Once the line with "в кадке растет." is found, write it out along with each later line exactly, through the end of the entries, skipping every picture.

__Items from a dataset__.
○ ○ ○
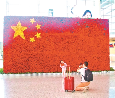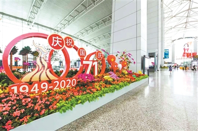 機(jī)場(chǎng)內(nèi)布置各種花卉慶國(guó)慶
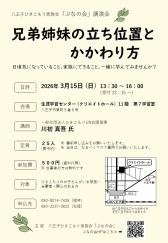 2026/3/15 (日) 「兄弟姉妹の立ち位置とかかわり方」
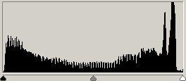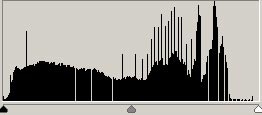 ![]() ![]() Die mittleren Tonwerte werden auseinander gezogen. Es entstehen Lücken im Tonwertverlauf. |
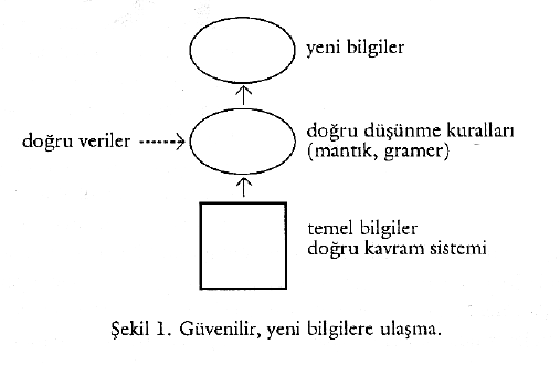 Gerek felsefî gerekse nazarî (teorik) konularda düşünürken doğru sonuçlara ulaşabilmek için her şeyden önce doğru bir kavram sistemine ihtiyaç vardır. Buna ilaveten bu kavram sistemi içinde ifade edilmiş olan güvenilir bir bilgi temeline gerek vardır. Doğru düşünme kuralları bizi ancak doğru kavramlarla ifade edilmiş bilgi ve veriler üzerine uygulandığında doğru sonuçlara ulaştırabilir. Şekil 1 bu söylediklerimizi özetlemektedir.
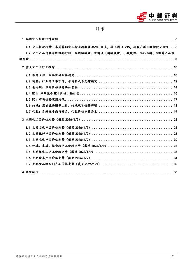 中邮证券:化工行业报告:化工板块维持景气度,锰酸锂、电解液(磷酸铁锂)、碳酸锂、二乙二醇、NCM等产品涨幅居前.pdf
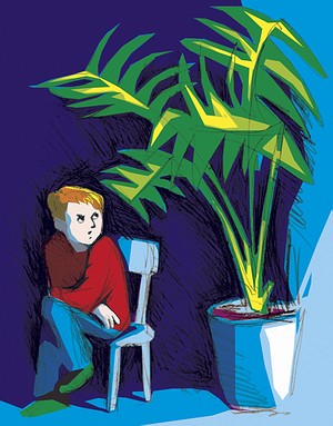 в кадке растет. Елка - она ведь большая; за нее и спрятаться можно,
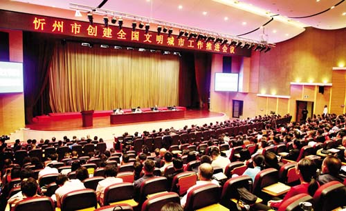 圖為忻州市創(chuàng)建全國文明城市工作推進(jìn)會議會場。趙菁 攝
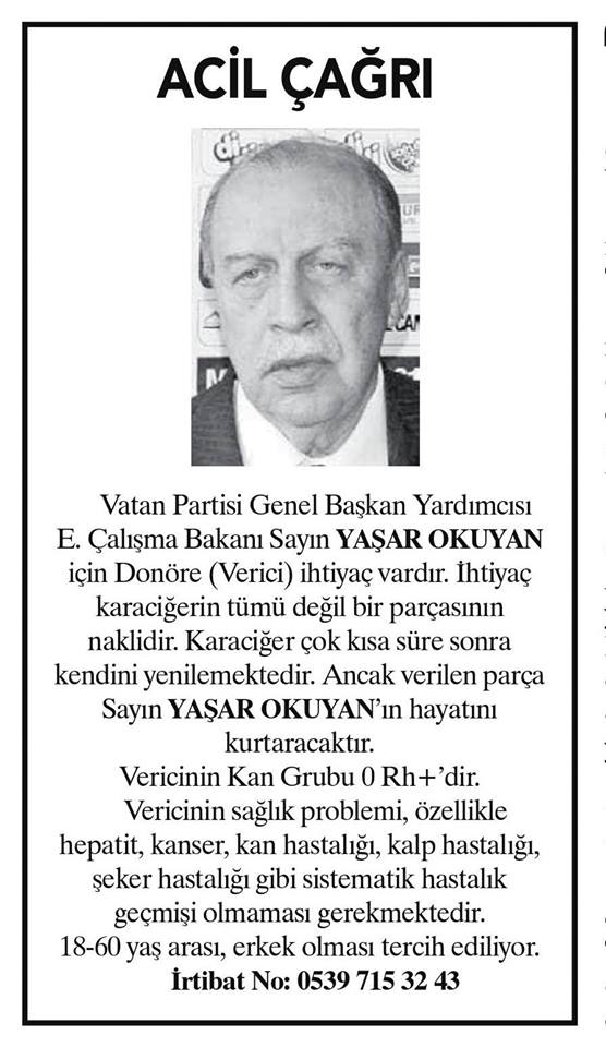 Yaşar Okuyan nakil için karaciğer arıyor
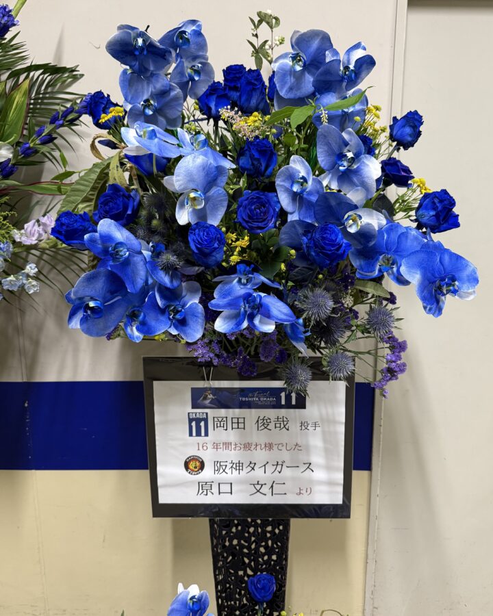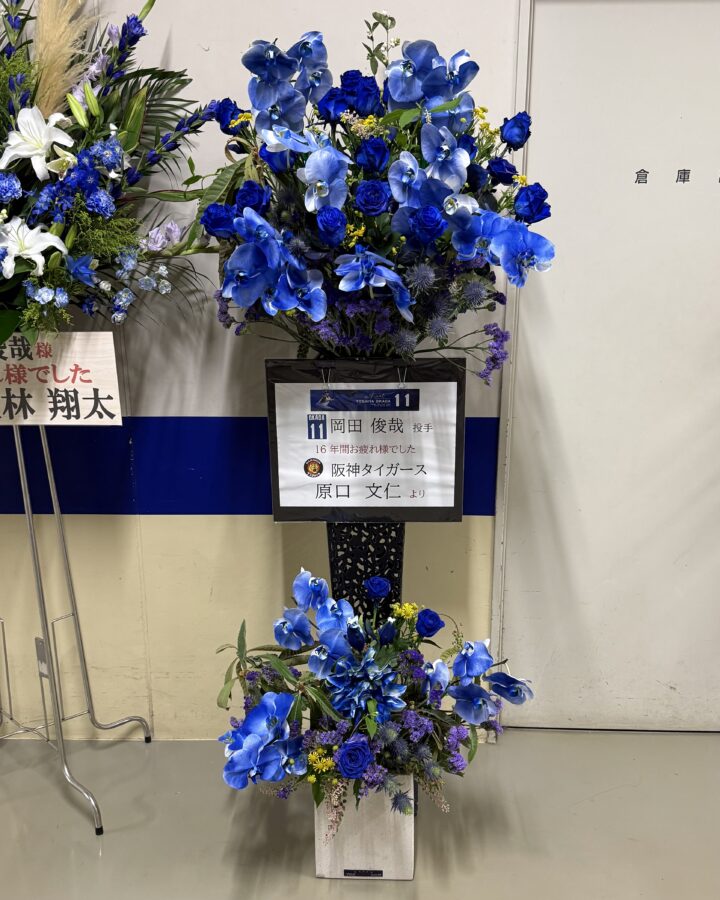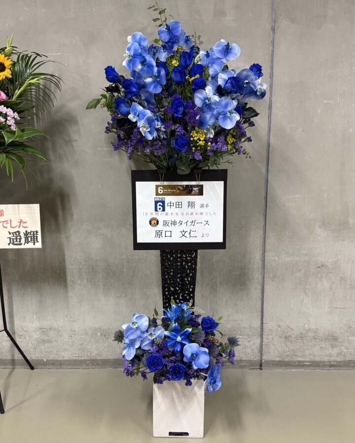 9月19日(金)東京ヤクルトスワローズ戦で今シーズン限りでの引退を表明された中田翔選手の引退セレモニーに合わせ、阪神タイガースの原口文仁さまより贈られるフラワースタンド。
○ ○ ○
__Answer__.
 в кадке растет. Елка - она ведь большая; за нее и спрятаться можно,
 圖為忻州市創(chuàng)建全國文明城市工作推進(jìn)會議會場。趙菁 攝
 Yaşar Okuyan nakil için karaciğer arıyor
 9月19日(金)東京ヤクルトスワローズ戦で今シーズン限りでの引退を表明された中田翔選手の引退セレモニーに合わせ、阪神タイガースの原口文仁さまより贈られるフラワースタンド。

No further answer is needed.